This is good. You're accumulating about $1200 a year, assuming you manage this rate for at least a year :). That's nothing to sneeze at.

And, alot of Fools recommend saving "something" each month, for a number of reasons.

That doesn't leave me much for food and other expenses that may pop up, plus entertainment. I'm currently looking for ways to cut my expenses, and I know the biggest place is eating out lunches. This is tough, because usually a group from my company goes out every day, and it's often frowned upon if you bow out too many times. But this is a place I can save.

Peer pressure at the workplace can be rough, but, bite the bullet, bag your lunches, and start saving. It makes *such* a difference. You could try being honest and mentioning you have a big load of student debt. If you're working for a startup company, you're *presumably* working with other college-educated folks who are carrying student loans of their own. Present the situation lightly and jokingly enough, and there's a good chance no one would sneer at you for it.

Realistically, I cannot cut out my bi-monthly trips to Half Price Books or the occasional movie or video. These are it for entertainment.

Oh, but, you can :). Libraries are a wonderful thing. If you absolutely *must* buy books, do you also feel you must *keep* them? Between web options and local second-hand bookstores, there are many ways to turn the books you've already read into cash. Do you pay for cable access? If so -- why are you renting movies, also? If you would prefer to control exactly which movies you see in a month, but, you're paying for cable, then, cancel the extra packages.

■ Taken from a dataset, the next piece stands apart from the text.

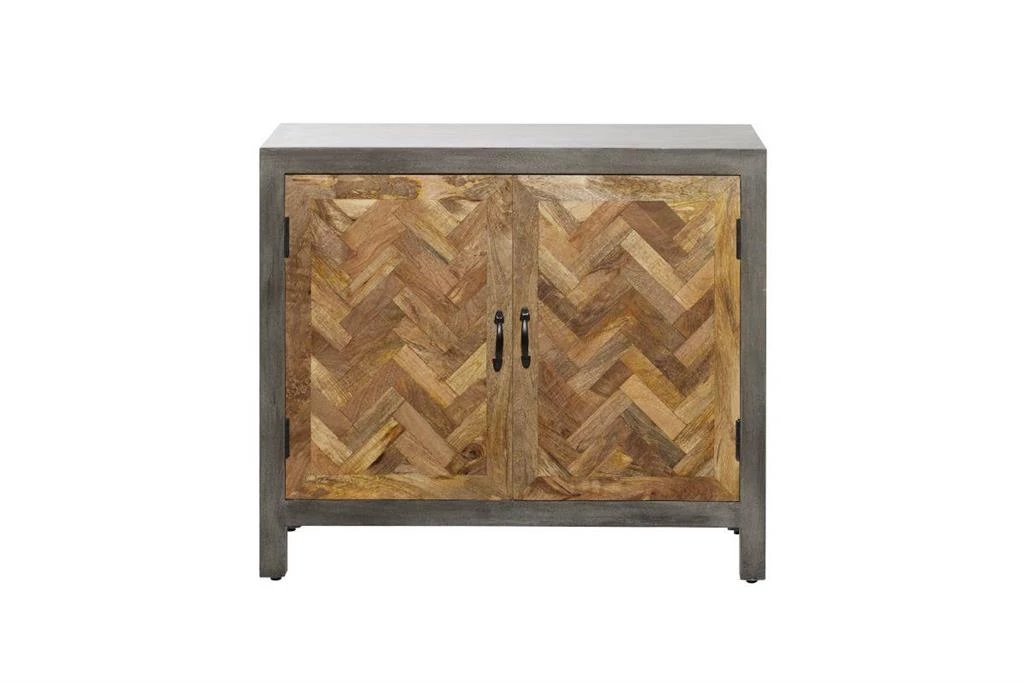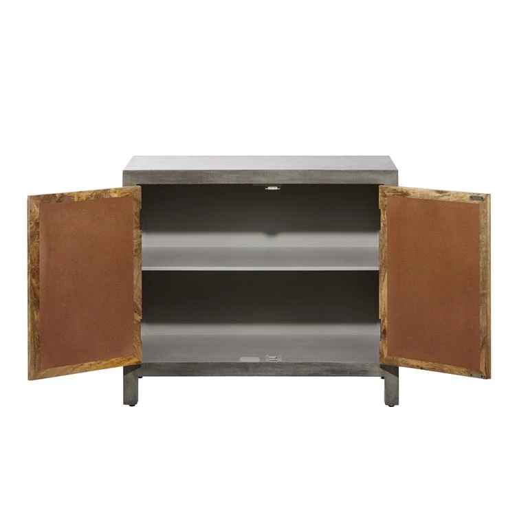 - Wood is carved and given a soft whitewashed finish to form romantic farmhouse console table design

Give yourself an "allowance" for luxuries/entertainment expenses, and be both realistic and stingy with it. If you want to eat out two or three times a week, then, don't be buying books and renting movies during the same timeframe.

Prioritize. What part(s) of your life, if you gave them up, would feel like "life isn't worth living". I don't mean in a suicidal way -- I mean, what entertainment do you have in your life as a basic necessity of your individual personality. Budget just enough money to cover that in a miserly way.

As a single woman of 38, I would love to think that someday I could afford to go on a real vacation, or even buy a house. That is my dream. I don't need anything big or fancy, but I'd love just to have something of my own. I just don't see it ever happening because of my debt load.

Keep setting aside that $100/month. That's your "someday" money. Yes, if you lose your job, you'll have to tap into it, but, if all goes well, then, you won't. Keep paying down your credit debt and student loans. When you get extra money from the pet-sitting, mail it off in an extra payment to whatever debt you're chiselling away at first.

Lower your expectations. Everyone *wants* to be able to impulse buy, have a new house and car, set aside a generous "nest egg" and retirement fund, *and* remain 'debt-free'. As American society shows, that doesn't work. From your initial post, you didn't sound like you're in any sort of crisis situation, and the student loans are the most significant part of your debt. Pay off the credit cards, and then snowball those extra payments into the student loans. Look for ways to reduce your expenses. Send those savings on to the student loan people.

Run some amortization calculations, and make some plans for the future. Figure out how much it would cost to pay everything off at the rate you're presently going. Then, make goals to slowly speed that rate up, by finding ways to Live Below Your Means. As you make progress, hopfully you'll find the strength and motivation to trim corners more and more, until you're digging yourself out at a rate you're comfortable with. Most importantly, stay here :). Post your successes (and your failures). This little community is a great way to keep yourself motivated :).